As much as I would LOVE to make that weekend or any weekend in July I just can't. Between The Vinny the weekend before, the Summer Smackdown the weekend of, and the Pottsville Sound Challenge the following weekend I am pretty booked for the entire month of July and ESN is the first weekend in August. My wife isnt going to speak to me for a month...


----------



## scionboxrox (Jan 12, 2009)

Just name the date and I am there. As long as school doesn't get in the way again...


----------



## papacueball (Jun 26, 2008)

I'm in, depending on the date. I'll be on vacation July 3-11, and was planning on being in the Atlanta area to visit family either the 3rd and 4th, or the 10th and 11th.


----------



## ErinH (Feb 14, 2007)

if needed, I could probably do the 11th. wife is off that weekend, but she probably wants a break from me anyway.


----------



## Hillbilly SQ (Jan 26, 2007)

bikinpunk said:


> if needed, I could probably do the 11th. wife is off that weekend, but she probably wants a break from me anyway.


She hit that stage where she's horny as hell one minute and hates your guts the next yet?

Anyway Mark I'd drive to Hotlanta for you. It's about 8 hours give or take a lil. Any leads on an upgrade for the drivers I'm running?


----------



## dwaynecherokee (Feb 19, 2010)

I'm game. My vote is for the 24th/25th. The 10th or 11th may work too...


----------



## ErinH (Feb 14, 2007)

^ we're gonna have to get to work on your car soon, then!


----------



## Melodic Acoustic (Oct 10, 2005)

I will start a new thread soon with a couple of date and you guys can choose which date would work for the majority of us.


----------



## ErinH (Feb 14, 2007)

I just asked Lins. 

I'm game for the 11th or the 17th. Just let me know. I'm looking forward to it.


----------



## 8675309 (Jan 8, 2007)

Chris I would follow you down if the dates work out. Anything for Mark; thanks for helping me out.

AH


----------



## papacueball (Jun 26, 2008)

bikinpunk said:


> I just asked Lins.
> 
> I'm game for the 11th or the 17th. Just let me know.

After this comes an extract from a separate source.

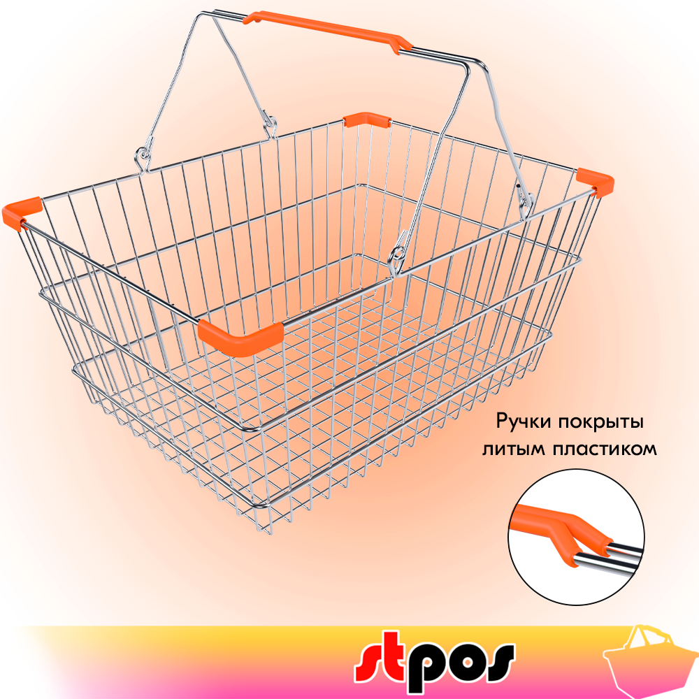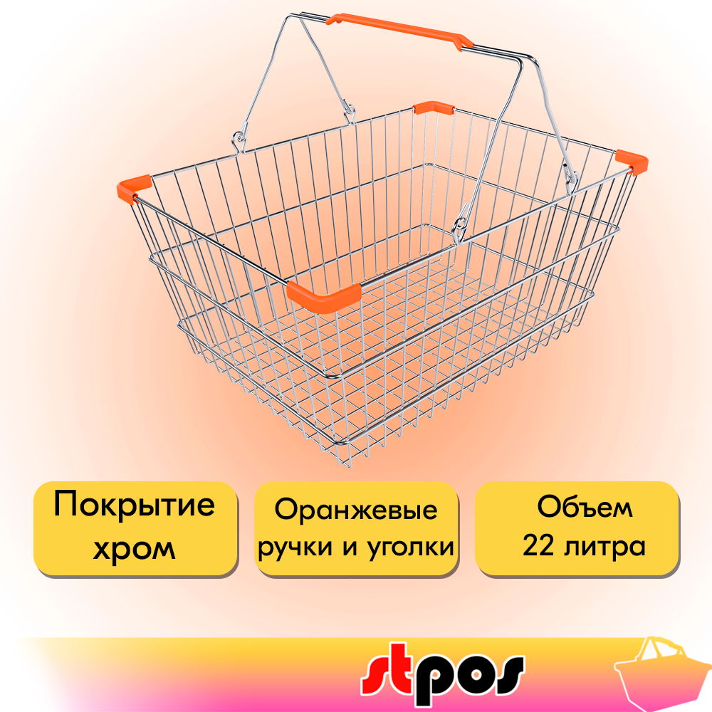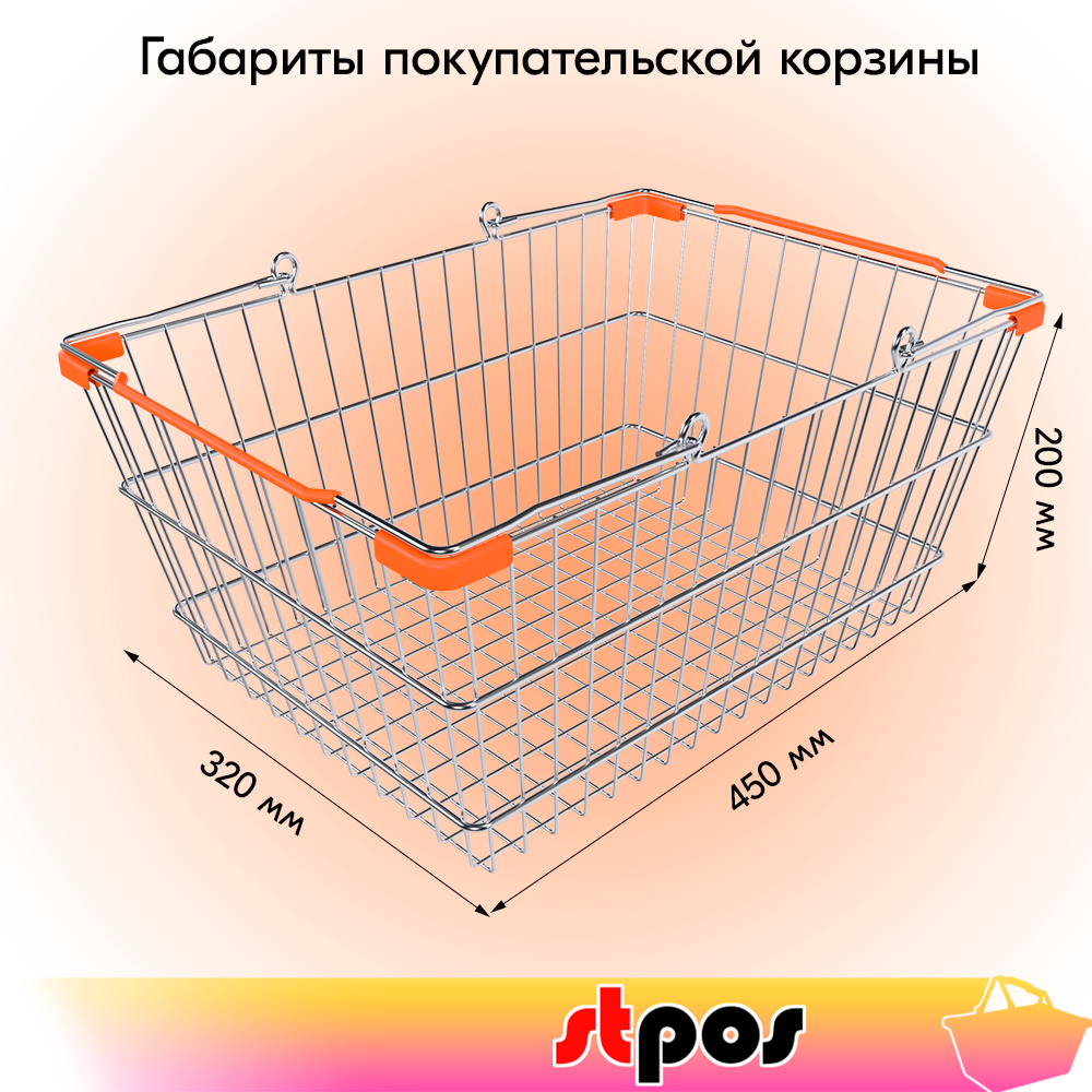 Корзина покупательская металлическая 22л, хром, Оранжевые ручки и уголки, 22CR-OR информация:

I'm looking forward to it.


I was hoping for a Saturday, since it's a 9 hour drive home.  If it doesn't happen on the 10th, I could postpone the trip to coincide with the meet.


----------



## ErinH (Feb 14, 2007)

OH! sorry... I meant the 10th.

I keep thinking the 11th because I had the PE tent sale date wrong way back when, and it's still stuck in my head as the 11th.

my bad.


Yea... 10th or 17th would be fine for me.


----------



## sam3535 (Jan 21, 2007)

papacueball said:


> I was hoping for a Saturday, since it's a 9 hour drive home.  If it doesn't happen on the 10th, I could postpone the trip to coincide with the meet.


12 hours one way for me, but I might be down to make it. Leave on a Thursday, stop in Biloxi that night, to Atlanta the next day, stay the night then the meet on Saturday.

Hell, I might just take a week of vacation and enjoy the scenery. So, I'm a possible; lemme know the dates and I'll try to make it happen.


----------



## dwaynecherokee (Feb 19, 2010)

bikinpunk said:


> ^ we're gonna have to get to work on your car soon, then!


5hr energy    lol
The fun starts tomorrow


----------



## Melodic Acoustic (Oct 10, 2005)

The 11 of July looks like a good date to me.


----------



## Hillbilly SQ (Jan 26, 2007)

8675309 said:


> Chris I would follow you down if the dates work out. Anything for Mark; thanks for helping me out.
> 
> AH


No problem there. Hope you can make it. I'd do just about anything for Mark.


----------



## ErinH (Feb 14, 2007)

July 10th is the date. New thread here:
http://www.diymobileaudio.com/forum/12-volt-events/83196-georgia-g2g-july-10-a.html

I'm going. Curtis, you going?


----------